Growing Through Discomfort

Growing Through Discomfort
A few years ago, I had to go to physical therapy for a time because of a shoulder issue. At my initial evaluation we did things to assess my flexibility and strength and I answered questions about how my current condition was limiting my ability to perform all sorts of day-to-day tasks. Toward the end of that hour the physical therapist looked me in the eye and said these words: “You’re not going to like coming in here. For a long time you’ve been compensating to avoid the pain that comes from aggravating your injury. Unfortunately, this isn’t allowing you to experience the discomfort you need for your body to heal itself. We’re going to make you do what causes that discomfort over and over since that’s the only way we can get your shoulder healthy again.” Then she sent me on my way with my (rather uncomfortable) exercises to do at home and some follow-up appointments.


As I walked out to my car, I was struck by how a similar disclaimer might be appropriate when I meet a client for the first time since a lot of what applies to our physical bodies applies to our emotional selves as well. It’s only natural – without thinking about it at all we spend our days trying to avoid pain and find pleasure where we can. Unfortunately, and too often, this results in avoiding rather than embracing that difficult but ultimately healing conversation. It leads to engaging in our favorite numbing behaviors at the first hint of trouble rather than sitting with our challenging emotions long enough to determine a cause and respond in a more strategic way that addresses the root issue. And it makes it so hard to avoid the addictive dopamine hit of that short term pleasurable activity we know isn’t doing us any favors in the long run, even when there is a longer-term project that is far more gratifying, healthy, and uplifting.

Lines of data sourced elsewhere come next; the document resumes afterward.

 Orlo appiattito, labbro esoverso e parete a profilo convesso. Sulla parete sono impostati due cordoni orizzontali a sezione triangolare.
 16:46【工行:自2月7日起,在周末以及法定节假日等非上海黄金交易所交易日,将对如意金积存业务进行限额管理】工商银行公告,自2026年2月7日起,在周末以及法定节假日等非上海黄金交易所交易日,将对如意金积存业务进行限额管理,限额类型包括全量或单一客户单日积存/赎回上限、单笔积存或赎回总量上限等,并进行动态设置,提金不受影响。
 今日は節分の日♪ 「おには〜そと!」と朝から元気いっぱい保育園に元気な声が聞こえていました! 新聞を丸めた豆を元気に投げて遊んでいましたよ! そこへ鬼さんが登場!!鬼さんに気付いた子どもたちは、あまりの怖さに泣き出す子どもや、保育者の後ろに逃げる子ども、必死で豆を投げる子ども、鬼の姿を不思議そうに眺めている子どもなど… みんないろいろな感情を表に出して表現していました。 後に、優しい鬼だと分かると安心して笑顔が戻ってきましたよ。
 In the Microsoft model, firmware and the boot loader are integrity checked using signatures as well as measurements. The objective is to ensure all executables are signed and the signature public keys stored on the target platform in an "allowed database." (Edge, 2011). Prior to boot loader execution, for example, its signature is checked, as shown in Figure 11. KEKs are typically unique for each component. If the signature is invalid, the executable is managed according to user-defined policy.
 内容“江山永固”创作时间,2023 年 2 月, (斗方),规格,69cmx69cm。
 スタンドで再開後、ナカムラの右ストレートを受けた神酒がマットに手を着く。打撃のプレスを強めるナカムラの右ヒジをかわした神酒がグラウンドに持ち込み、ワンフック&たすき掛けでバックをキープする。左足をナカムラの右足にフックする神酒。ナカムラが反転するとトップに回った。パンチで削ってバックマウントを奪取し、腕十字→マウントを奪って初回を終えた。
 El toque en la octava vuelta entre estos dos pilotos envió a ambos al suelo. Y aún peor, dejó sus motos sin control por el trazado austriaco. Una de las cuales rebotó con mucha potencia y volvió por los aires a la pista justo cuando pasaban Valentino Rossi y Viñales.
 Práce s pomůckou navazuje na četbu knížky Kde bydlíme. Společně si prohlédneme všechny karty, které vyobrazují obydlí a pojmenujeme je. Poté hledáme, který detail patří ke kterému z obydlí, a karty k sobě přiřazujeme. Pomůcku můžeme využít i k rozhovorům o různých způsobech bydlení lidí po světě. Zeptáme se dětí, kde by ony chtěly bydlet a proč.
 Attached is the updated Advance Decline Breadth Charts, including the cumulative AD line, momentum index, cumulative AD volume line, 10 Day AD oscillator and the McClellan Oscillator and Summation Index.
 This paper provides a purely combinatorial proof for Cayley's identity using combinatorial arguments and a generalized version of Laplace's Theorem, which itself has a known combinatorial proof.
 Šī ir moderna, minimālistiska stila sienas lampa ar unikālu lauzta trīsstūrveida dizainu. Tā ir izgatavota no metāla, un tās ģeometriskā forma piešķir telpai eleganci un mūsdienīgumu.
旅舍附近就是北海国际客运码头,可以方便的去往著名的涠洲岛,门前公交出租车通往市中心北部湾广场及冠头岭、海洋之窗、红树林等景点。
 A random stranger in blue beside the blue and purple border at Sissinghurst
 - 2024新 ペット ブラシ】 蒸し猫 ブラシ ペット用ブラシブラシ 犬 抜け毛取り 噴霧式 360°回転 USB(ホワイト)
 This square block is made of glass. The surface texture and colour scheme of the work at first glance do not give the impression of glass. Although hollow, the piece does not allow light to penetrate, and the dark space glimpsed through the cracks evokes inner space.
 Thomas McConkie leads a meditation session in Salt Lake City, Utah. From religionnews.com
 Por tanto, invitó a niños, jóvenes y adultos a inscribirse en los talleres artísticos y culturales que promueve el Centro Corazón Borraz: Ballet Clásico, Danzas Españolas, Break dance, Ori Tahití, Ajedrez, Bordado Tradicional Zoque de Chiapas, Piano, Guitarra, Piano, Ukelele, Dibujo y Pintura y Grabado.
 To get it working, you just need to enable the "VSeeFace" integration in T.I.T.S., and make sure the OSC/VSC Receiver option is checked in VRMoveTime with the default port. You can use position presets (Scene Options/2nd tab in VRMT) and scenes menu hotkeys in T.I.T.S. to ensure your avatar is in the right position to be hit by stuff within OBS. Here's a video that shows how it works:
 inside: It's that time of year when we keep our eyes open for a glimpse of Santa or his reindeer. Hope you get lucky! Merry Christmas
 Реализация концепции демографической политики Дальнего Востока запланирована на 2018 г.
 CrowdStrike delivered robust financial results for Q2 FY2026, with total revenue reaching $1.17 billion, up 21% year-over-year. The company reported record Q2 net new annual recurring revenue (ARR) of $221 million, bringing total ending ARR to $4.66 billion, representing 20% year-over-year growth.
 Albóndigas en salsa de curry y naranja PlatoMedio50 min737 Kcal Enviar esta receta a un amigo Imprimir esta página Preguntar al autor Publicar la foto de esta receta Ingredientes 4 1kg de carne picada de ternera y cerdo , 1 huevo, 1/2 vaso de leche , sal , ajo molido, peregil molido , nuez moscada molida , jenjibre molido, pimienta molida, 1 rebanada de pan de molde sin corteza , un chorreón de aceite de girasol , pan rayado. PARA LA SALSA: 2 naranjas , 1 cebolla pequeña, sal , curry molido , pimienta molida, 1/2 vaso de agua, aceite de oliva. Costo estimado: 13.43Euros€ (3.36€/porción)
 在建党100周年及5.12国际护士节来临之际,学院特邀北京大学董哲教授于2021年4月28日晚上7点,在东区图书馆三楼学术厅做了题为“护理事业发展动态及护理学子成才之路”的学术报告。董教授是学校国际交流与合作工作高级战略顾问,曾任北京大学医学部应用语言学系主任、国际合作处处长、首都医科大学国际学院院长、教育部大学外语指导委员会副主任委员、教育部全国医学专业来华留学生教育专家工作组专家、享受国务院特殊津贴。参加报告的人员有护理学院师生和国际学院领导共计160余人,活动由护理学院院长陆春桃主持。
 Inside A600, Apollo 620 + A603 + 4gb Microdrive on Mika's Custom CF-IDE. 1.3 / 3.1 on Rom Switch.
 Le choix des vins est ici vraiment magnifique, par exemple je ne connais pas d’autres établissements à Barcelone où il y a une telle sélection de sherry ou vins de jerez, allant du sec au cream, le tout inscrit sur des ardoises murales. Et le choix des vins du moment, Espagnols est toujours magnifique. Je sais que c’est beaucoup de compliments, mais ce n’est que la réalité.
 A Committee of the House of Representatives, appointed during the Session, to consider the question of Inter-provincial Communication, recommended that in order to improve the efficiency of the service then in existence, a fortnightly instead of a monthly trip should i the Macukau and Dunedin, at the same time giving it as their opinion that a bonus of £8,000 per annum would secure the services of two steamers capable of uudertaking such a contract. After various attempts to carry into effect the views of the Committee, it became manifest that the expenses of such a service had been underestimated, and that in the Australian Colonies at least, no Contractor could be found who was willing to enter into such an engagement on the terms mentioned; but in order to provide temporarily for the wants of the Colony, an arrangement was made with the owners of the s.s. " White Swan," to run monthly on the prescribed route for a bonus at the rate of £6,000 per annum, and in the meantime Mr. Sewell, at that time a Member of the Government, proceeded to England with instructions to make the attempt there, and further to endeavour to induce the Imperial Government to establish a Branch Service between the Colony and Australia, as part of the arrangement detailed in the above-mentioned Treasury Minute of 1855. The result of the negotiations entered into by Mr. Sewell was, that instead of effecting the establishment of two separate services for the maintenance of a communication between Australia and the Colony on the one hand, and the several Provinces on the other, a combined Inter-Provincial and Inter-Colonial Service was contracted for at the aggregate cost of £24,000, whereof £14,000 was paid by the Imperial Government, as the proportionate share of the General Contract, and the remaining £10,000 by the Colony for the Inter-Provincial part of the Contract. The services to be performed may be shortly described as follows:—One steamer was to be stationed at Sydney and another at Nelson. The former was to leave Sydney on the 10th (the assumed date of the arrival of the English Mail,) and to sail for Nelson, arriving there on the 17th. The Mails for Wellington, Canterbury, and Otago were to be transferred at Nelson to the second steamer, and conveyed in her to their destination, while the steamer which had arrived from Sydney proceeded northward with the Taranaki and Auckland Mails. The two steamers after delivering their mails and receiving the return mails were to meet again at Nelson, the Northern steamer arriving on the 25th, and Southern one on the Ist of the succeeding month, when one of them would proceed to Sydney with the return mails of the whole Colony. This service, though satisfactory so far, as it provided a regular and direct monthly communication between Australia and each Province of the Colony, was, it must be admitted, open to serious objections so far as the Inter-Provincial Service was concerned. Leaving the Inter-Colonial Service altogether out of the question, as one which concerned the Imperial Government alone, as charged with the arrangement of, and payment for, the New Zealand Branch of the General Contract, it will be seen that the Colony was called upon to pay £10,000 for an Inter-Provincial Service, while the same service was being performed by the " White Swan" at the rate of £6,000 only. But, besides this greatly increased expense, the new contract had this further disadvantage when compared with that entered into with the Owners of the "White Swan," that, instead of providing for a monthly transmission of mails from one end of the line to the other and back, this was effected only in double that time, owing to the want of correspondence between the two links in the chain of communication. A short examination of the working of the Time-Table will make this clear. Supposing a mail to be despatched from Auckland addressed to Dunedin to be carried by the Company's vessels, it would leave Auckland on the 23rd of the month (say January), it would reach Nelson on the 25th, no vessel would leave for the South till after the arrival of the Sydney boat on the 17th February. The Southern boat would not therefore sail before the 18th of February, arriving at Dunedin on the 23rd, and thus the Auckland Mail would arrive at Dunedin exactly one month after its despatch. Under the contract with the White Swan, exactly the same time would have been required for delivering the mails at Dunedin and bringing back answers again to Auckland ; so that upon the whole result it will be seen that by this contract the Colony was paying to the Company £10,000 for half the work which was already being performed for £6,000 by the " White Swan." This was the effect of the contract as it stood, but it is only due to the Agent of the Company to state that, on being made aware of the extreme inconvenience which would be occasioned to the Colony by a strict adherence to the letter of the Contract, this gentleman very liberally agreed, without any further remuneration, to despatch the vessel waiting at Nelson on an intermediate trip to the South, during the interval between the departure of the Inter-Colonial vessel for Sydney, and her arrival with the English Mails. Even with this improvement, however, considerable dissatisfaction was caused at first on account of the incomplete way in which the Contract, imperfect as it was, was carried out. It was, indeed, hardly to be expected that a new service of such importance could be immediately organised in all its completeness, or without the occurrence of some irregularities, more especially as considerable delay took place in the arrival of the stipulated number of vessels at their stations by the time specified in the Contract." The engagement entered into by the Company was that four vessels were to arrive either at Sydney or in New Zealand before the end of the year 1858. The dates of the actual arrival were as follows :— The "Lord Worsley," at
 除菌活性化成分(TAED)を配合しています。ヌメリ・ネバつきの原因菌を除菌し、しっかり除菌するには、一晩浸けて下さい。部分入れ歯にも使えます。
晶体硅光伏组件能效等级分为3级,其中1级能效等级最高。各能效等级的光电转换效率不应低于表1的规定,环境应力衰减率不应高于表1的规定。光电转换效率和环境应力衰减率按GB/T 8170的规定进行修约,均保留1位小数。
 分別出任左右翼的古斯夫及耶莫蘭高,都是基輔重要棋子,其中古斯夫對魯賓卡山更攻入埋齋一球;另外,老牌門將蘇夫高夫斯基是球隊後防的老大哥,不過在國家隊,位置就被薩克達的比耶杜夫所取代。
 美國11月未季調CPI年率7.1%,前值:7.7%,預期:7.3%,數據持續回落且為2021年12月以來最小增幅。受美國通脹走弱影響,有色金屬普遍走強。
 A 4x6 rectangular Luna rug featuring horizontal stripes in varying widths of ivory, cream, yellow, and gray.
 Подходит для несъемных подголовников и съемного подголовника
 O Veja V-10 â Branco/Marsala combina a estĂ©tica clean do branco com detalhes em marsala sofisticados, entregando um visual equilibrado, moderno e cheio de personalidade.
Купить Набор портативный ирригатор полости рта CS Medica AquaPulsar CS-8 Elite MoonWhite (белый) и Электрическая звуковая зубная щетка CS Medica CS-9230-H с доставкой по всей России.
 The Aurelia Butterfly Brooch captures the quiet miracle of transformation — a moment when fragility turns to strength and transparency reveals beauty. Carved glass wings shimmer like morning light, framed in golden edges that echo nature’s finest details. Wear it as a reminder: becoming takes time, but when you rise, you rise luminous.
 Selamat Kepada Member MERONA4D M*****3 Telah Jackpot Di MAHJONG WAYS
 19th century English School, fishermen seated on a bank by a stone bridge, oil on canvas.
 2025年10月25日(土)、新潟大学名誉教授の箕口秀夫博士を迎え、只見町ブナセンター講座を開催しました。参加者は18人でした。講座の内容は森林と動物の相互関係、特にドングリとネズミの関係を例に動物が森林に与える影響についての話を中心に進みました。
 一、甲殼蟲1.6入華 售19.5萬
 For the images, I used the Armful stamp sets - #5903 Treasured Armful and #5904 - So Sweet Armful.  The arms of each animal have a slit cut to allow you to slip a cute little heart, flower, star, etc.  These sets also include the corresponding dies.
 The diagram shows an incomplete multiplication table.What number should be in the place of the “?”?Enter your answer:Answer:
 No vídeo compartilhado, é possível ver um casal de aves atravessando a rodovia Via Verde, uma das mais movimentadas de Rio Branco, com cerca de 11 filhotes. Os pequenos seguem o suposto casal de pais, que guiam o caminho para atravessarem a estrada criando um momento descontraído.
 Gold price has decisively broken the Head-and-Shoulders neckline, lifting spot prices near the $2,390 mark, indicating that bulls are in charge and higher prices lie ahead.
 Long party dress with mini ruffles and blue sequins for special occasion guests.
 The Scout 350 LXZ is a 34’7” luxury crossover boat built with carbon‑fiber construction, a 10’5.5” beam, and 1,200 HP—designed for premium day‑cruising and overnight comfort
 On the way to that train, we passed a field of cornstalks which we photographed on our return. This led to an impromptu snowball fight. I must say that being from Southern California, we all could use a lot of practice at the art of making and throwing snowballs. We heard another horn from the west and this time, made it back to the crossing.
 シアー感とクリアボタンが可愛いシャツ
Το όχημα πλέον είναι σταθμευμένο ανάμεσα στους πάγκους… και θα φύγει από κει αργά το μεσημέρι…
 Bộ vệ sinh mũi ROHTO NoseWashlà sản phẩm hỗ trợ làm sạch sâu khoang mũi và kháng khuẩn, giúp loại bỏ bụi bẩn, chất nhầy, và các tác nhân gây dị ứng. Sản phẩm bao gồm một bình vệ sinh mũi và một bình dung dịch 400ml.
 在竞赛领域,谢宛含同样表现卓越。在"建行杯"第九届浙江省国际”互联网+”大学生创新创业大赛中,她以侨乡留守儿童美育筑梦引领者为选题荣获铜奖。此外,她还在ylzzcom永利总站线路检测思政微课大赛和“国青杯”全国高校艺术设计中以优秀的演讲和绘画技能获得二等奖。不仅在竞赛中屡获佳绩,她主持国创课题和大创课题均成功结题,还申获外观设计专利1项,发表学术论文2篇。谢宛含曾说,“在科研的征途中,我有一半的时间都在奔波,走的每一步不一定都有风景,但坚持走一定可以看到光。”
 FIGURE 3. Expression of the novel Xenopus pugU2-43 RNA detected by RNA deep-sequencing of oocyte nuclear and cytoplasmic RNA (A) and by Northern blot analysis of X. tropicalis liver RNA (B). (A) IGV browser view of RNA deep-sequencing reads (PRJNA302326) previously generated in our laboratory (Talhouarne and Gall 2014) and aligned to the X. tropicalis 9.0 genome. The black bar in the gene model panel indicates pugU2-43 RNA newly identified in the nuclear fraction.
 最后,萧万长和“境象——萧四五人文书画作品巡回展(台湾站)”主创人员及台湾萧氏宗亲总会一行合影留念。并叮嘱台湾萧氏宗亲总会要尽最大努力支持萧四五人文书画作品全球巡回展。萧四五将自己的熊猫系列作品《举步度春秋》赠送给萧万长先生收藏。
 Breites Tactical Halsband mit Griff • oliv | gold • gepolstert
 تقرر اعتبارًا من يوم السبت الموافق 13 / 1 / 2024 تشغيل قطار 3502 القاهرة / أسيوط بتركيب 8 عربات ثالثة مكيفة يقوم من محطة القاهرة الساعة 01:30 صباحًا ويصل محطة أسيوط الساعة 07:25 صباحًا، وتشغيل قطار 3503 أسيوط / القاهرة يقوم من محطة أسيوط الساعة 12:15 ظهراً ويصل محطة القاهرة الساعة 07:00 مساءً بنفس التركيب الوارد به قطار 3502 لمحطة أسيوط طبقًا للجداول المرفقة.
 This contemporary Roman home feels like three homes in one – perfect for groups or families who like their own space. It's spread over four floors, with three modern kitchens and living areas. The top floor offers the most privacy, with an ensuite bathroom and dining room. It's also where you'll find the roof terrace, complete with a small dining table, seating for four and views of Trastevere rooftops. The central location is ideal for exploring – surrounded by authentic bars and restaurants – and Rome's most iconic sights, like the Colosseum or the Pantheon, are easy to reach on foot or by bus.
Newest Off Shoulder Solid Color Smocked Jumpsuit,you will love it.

Often it’s my job as an LMFT to do the emotional version of physical therapy – to give a young person self-regulation skills to resist sliding back into the comfort of an old addiction. It’s to guide a couple right into the conversation that gives them both a pit in the stomach. And it’s walking with someone down a hard path of making peace with a grief decades old while we find a way to make a more satisfying life today. It’s difficult at times, and we go through a lot of tissues along the way. Yet every day I’m grateful for the opportunity to be a part of someone’s healing journey – especially when it gets uncomfortable – because that’s where growth really takes place. I know this is the case because my shoulder is a lot more functional today than it was 4 years ago.